Erected to keep out foreign invaders, the Great Wall has today become a magnet for foreign visitors from around the globe. From the rows of souvenir shops lining the path up to the wall to the shiny black cars bearing foreign dignitaries as they make their obligatory pilgrimage, everything about the wall today says "welcome," not "keep out." What was meant as a barrier is now a destination.
More recently the Great Wall has emerged as a metaphor for the efforts of China's "internet police" to keep out unwanted online content. The "Great Firewall of China," as it is often called, comprises an elaborate network of filters coupled with an army of thousands of censors who patrol local websites, chat rooms, and micro blogs looking for anything the Party might find objectionable. Like the original Great Wall, this firewall has been erected at considerable cost, both in terms of dollars and human labor.

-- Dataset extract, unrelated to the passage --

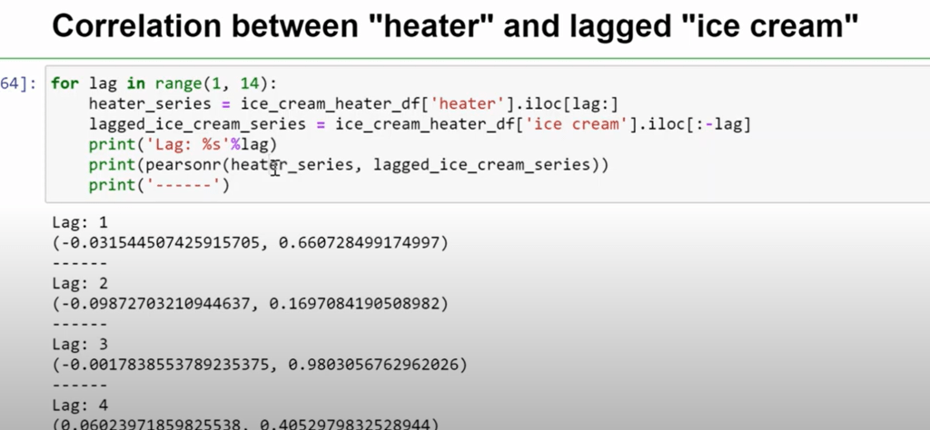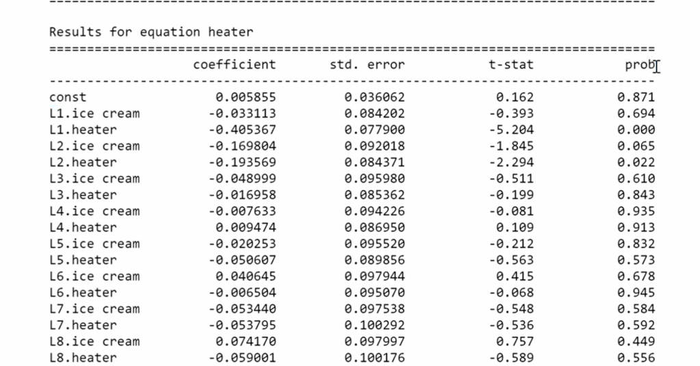 in doing VAR, only tricky part is to figure out parameters for the cross referenced time series, in his demo, he used correlation between heater and lagged ice cream of 13 lags experimentally.

Just as the Great Wall has paradoxically become a prime destination for visitors to China, so the "Great Firewell" has become a magnet for China watchers seeking to discern the limits of the regime's toleration of freedom of expression. Rather than create a barrier between China and the outside world, this wall has inadvertently stimulated greater interaction across China's artificially created digital divide. Netizens within China find ways to "jump the wall" using virtual private networks (VPNs), while journalists, scholars, marketers, and policy makers outside intently study the wall and what goes on inside it for clues both about public opinion and government policy.
For those interested in the church in China, the paradox of this digital "Great Wall," is not in what is permitted or not permitted to enter, but rather in what happens within the wall itself. Contrary to popular opinion, there exists within the wall a vibrant online Christian community. The vast majority of what appears in online Christian newspapers, magazines, church websites, and micro blogs not to mention a plethora of audio and video resources is uncensored by authorities.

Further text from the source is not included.